Alongside Wright's tensions with the socialist intellectuals who hosted his visit, we also hear other Indonesian voices engaged with the work of Wright and other African-American authors, including Pramoedya Ananta Toer, who opposed the 'universal humanism' of the Konfrontasi group to focus on social realism. In 1977, Goenawan Mohammed, one of Indonesia’s most respected intellectuals today, drew on Wright's linking of politics to the human heart to call for a rehabilitation of politics as a concept. The collection also speaks to the failures of historical memory by both Wright's biographers as well as Indonesian writers in privileging English-language sources over Indonesian voices and memories.

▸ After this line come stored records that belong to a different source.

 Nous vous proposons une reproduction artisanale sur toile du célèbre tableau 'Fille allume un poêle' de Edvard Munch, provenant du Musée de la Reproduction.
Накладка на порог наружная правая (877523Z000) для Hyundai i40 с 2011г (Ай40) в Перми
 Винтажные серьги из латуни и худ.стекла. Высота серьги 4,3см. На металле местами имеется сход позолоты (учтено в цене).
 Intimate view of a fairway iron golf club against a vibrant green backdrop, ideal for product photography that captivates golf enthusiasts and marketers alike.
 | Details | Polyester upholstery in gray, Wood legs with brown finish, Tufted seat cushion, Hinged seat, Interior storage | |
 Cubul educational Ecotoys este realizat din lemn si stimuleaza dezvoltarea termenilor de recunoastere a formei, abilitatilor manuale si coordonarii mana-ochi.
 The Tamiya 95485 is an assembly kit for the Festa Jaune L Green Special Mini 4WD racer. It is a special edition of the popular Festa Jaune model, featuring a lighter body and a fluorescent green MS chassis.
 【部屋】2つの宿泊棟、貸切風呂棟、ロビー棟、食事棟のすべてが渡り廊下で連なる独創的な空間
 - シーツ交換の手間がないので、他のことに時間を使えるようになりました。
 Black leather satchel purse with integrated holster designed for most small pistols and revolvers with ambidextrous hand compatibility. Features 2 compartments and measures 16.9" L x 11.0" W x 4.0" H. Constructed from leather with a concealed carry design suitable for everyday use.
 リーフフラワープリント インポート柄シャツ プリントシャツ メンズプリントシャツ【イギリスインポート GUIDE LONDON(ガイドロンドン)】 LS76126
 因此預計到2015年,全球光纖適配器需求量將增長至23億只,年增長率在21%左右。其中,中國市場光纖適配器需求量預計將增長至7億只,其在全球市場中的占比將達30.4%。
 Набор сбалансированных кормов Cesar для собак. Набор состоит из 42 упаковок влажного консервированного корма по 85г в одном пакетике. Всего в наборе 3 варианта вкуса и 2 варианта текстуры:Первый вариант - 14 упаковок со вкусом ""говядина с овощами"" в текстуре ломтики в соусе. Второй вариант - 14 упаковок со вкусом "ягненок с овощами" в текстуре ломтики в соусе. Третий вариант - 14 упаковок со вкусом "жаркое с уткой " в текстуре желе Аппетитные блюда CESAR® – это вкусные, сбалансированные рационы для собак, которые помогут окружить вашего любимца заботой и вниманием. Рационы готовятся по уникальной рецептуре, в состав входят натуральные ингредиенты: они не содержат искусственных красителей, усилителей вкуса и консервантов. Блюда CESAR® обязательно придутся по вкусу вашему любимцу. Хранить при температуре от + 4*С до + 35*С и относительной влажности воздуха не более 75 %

In addition, the sourcebook gives us a glimpse of the way the Bandung conference was experienced by Indonesians, a subject on which we know surprisingly little despite the plethora of recent scholarship about the event. Translated articles from the Indonesian press show Indonesian high school students assailing delegates on the street for autographs; an oral history reveals how Bandung’s Indian community came together to meet Jawaharlal Nehru. For a conference that was so carefully ‘staged’ before the eyes of the world, we also get a sense of behind-the-scenes politics, as in the reluctance of the wives of Indonesian officials to entertain the second wife of a visiting head of state entering into a polygamous marriage. Lubis's newspaper disparaged the conference organisers for providing Wright, together with a Japanese journalist, with a dingy hotel room close to the toilets.
In compiling this sourcebook, Roberts and Foulcher have provided an important and nuanced exploration of tensions that underlie transnational networks. Behind the scenes of an event that symbolised Afro-Asian solidarity, we get a deeper sense of the way in which ideas were employed by African-American and Asian intellectuals who conversed, disagreed, and drew from each other to advocate their cause over the course of decades. The project of post-colonial studies has involved the necessary rewriting of the canon of intellectual history to include the black and minority voices; Roberts and Foulcher show that the canon of post-colonial thought is also implicated in marginalising the multiple voices in the Global South that participated in the reimagining of the post-colonial world, and have begun the important work of remedying this.
References
Feith, Herbert (1962) The Decline of Constitutional Democracy in Indonesia. Ithaca, NY: Cornell University Press.
Foulcher, Keith (2012) Bringing the world back home: Cultural traffic in Konfrontasi. In: Lindsay, Jennifer and Liem, Maya H. T. (eds) Heirs to World Culture: Being Indonesian 1950-1965. Leiden: KITLV Press, 31–56.
Lindsay, Jennifer (2012) Heirs to world culture, 1950-1965. In: Lindsay, Jennifer and Liem, Maya H. T. (eds) Heirs to World Culture: Being Indonesian 1950-1965. Leiden: KITLV Press, 1–30.
Shimazu, Naoko (2014) Diplomacy as theatre: Staging the Bandung Conference of 1955. Modern Asian Studies 48(1): 225–52.
Wright, Richard (1956) The Colour Curtain: A Report on the Bandung Conference. London: Dobson.